The Erie Canal

Joined Jul 2011
11,340 Posts | 2,849+
It was build at the cost of $7 million, a 350 mile long, 40 feet wide, 4 feet deep ditch. It was pushed by Governor Dewitt ........ There is ......., IA in Dewitt County and a Dewitt, IA in ....... County. The canal made the midwest. The key thing was they could ship grain from the Great Lakes. It would be loaded on ships in Albany and maybe different ships in NYC. Most of it was exported to Europe. The US is an agricultural exporter now, but a huge exporter then. Also, famously of cotton from the deep south, mostly through New Orleans. The canal made NYC and Chicago, neither on the canal. Before the Canal, NYC was just a comparable port to Baltimore, Philadelphia, and Boston. Lots of upstate NYC cities and towns, which are mostly now depressed. 30 ton barges, a little less capacity than 18-wheelers, were towed by teams of horses of mules. Shipped west were mostly manufatured goods from the northeast of Europe. The barges may not have been full going west. It was sort of part of trade between the midwest and Europe.
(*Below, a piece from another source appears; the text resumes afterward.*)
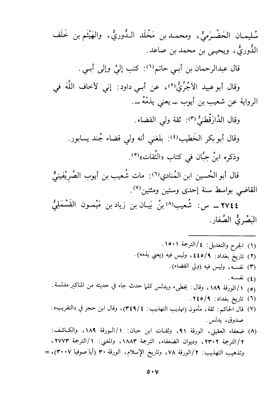 (8) ضعفاء العقيلي، الورقة 91، وثقات ابن حبان: 1 / الورقة 189، والكاشف: 2 / الترجمة 2302، وديوان الضعفاء، الترجمة 1883، والمغني: 1 / الترجمة 2773، وتذهيب التهذيب: 2 / الورقة 78، وتاريخ الاسلام، الورقة 30 (أيا صوفيا 3007) ، =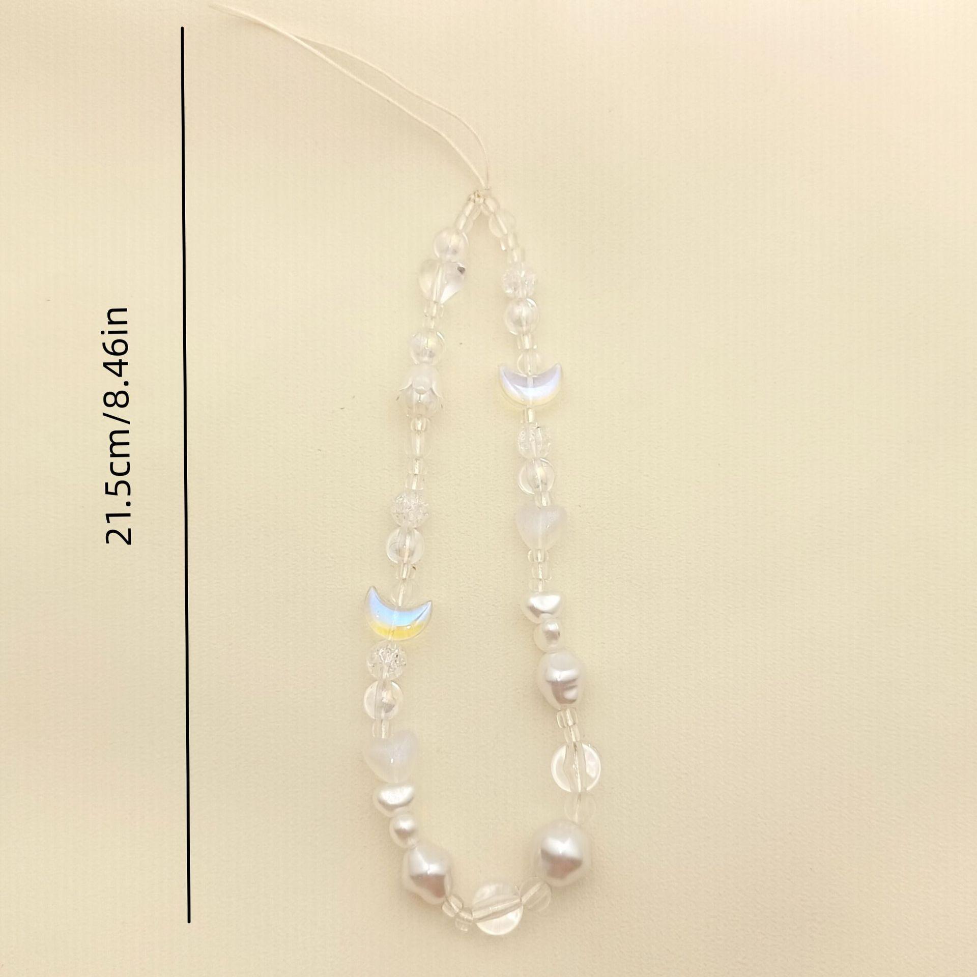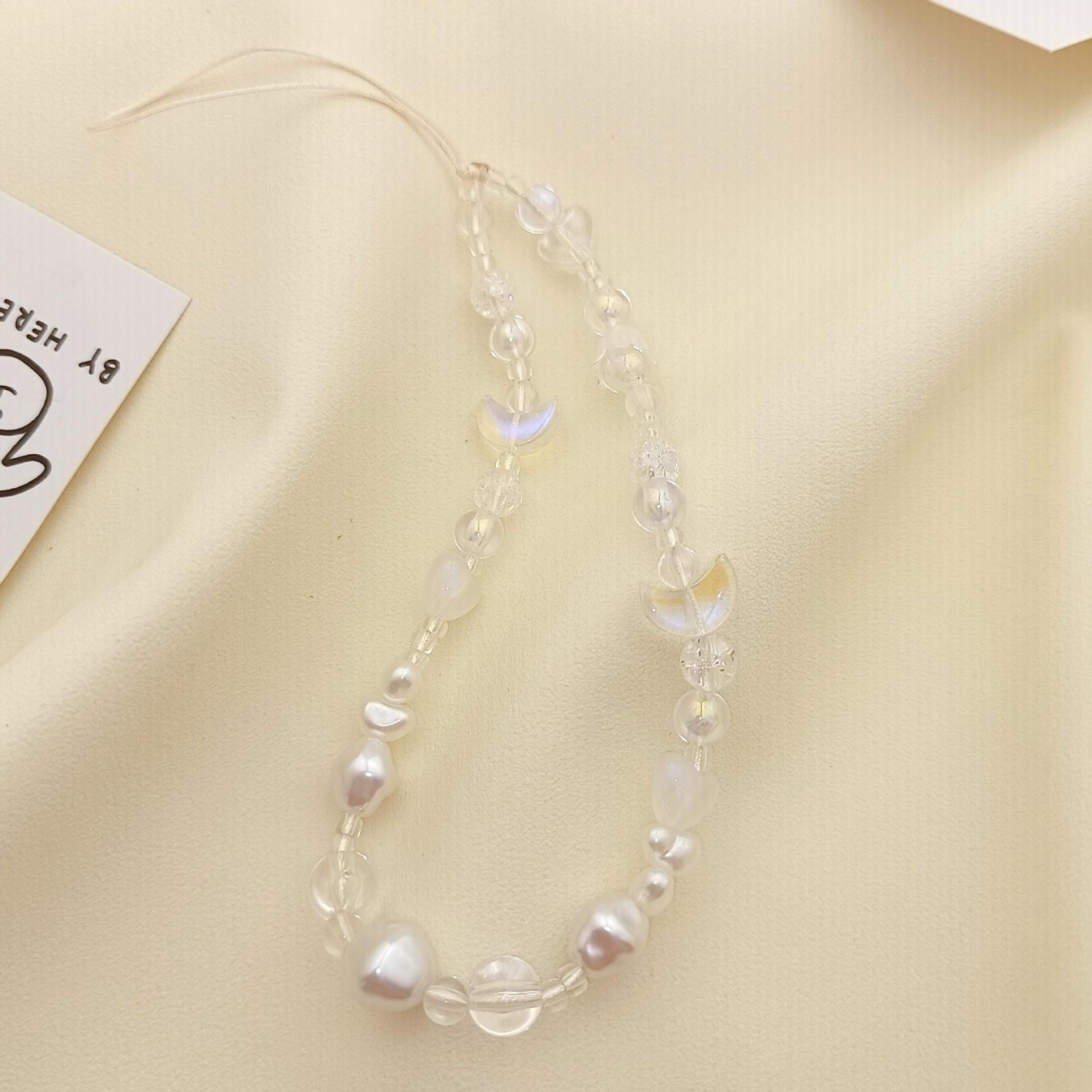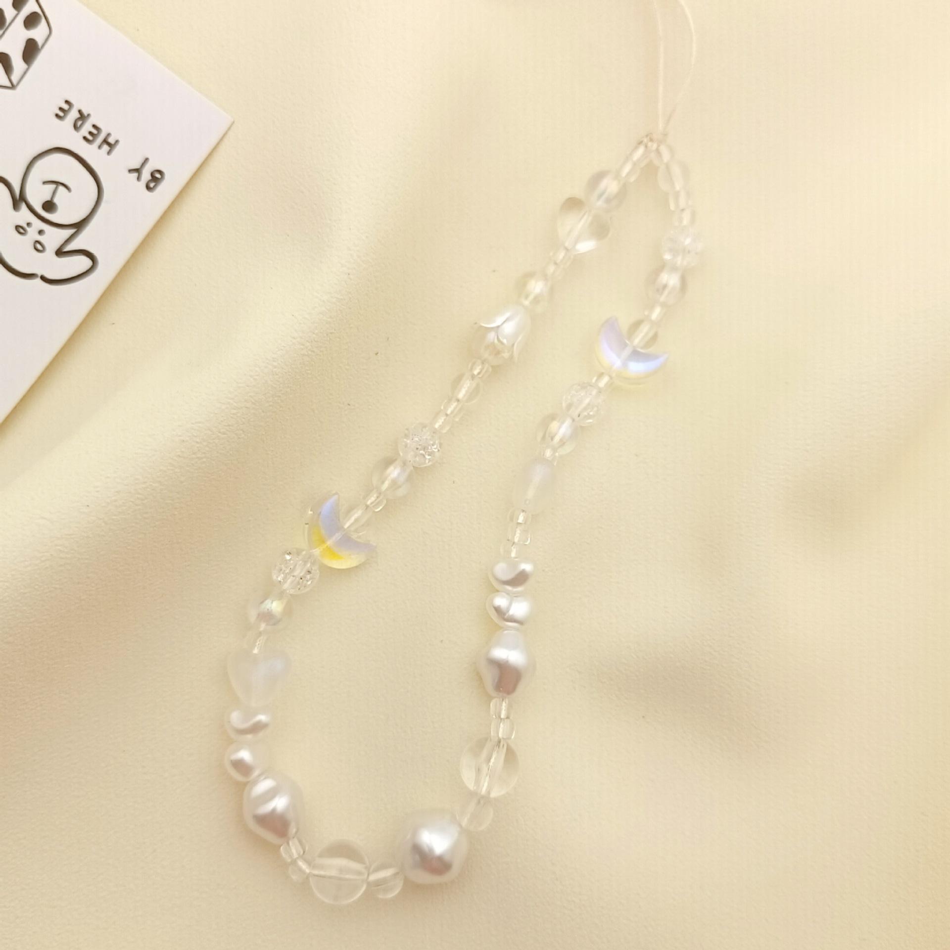 Nueva cadena para teléfono móvil hecha a mano con cuentas, colgante de cordón simple de media luna transparente blanca de alta gama

It was the 2nd longest canal in the world to the Great Canal of China, which is from the 7th century. Canals were really big for transporting freight. Other states tried copying the Erie Canal. Once the railroads came in, passengers usually took trains, which were much faster. The canal was made deeper around 1900. The barges were also powered by fuel rather than animal power. Eventually, rail transportation became more efficient. The Erie Canal stopped being used about 1970.
 
Joined Aug 2016
12,409 Posts | 8,403+
Dispargum
The 1900 expansion of the canal was a pet project of NY Governor Teddy Roosevelt. With hindsight we can see it was practice for his other canal project.
 
Joined Jul 2011
11,340 Posts | 2,849+
The Panama Canal and Suez Canals were really important in the early 20th century and still are. Canals competing with freight trains for inland transportation are obsolete.